1. What convolution identity is suggested by the fact that $\zeta (1/\zeta )^\prime = - \zeta^\prime / \zeta \;$? Prove this identity by showing that $\ell (u*\mu ) = 0$ and applying a result from section 1.8.

2. Let

$$b(n) = \left\{ \begin{array}{ll} \log n & \mbox{if $n$\ is prime},\\ 0 & \mbox{otherwise} \end{array} \right.$$

Describe $(b*u)(n)$ in terms of the prime factorization of $n$.

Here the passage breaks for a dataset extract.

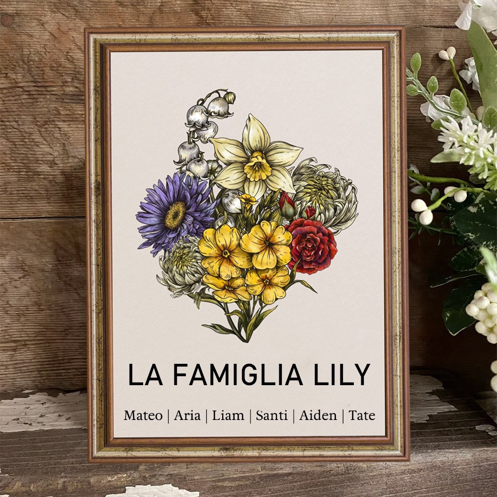 Cornice personalizzata per bouquet del mese di nascita del giardino della mamma con nomi dei bambini, regali unici per la famiglia, regalo di compleanno per mamma e nonna, regalo speciale di Natale.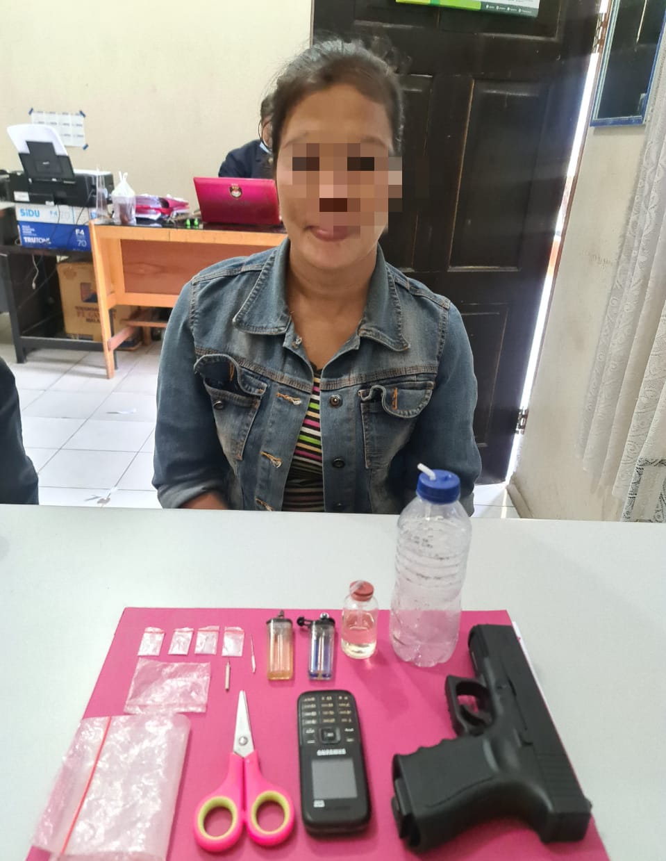 Bersama pelaku turut diamankan barang bukti 4 paket kecil narkotika jenis shabu terbungkus plastik bening, 2 buah bong, 1 pucuk air softgun dan beberapa peralatan penggunaan shabu serta 1 unit Hp merk Samsung yang digunakannya.

3. Use Abel summation to show that

$$\log \zeta (s) = s \int_2^\infty \frac{\pi (x)}{x(x^s -1)}\; dx.$$

4. By termwise differentiation of the series $\sum_{p \in P} h(1/p^s)$, show that

$$- \frac{\zeta' (s)}{\zeta (s)} = \sum_{p\in P} \frac {\log p}{p^s -1},$$

and express this as an integral involving $\theta (x)$.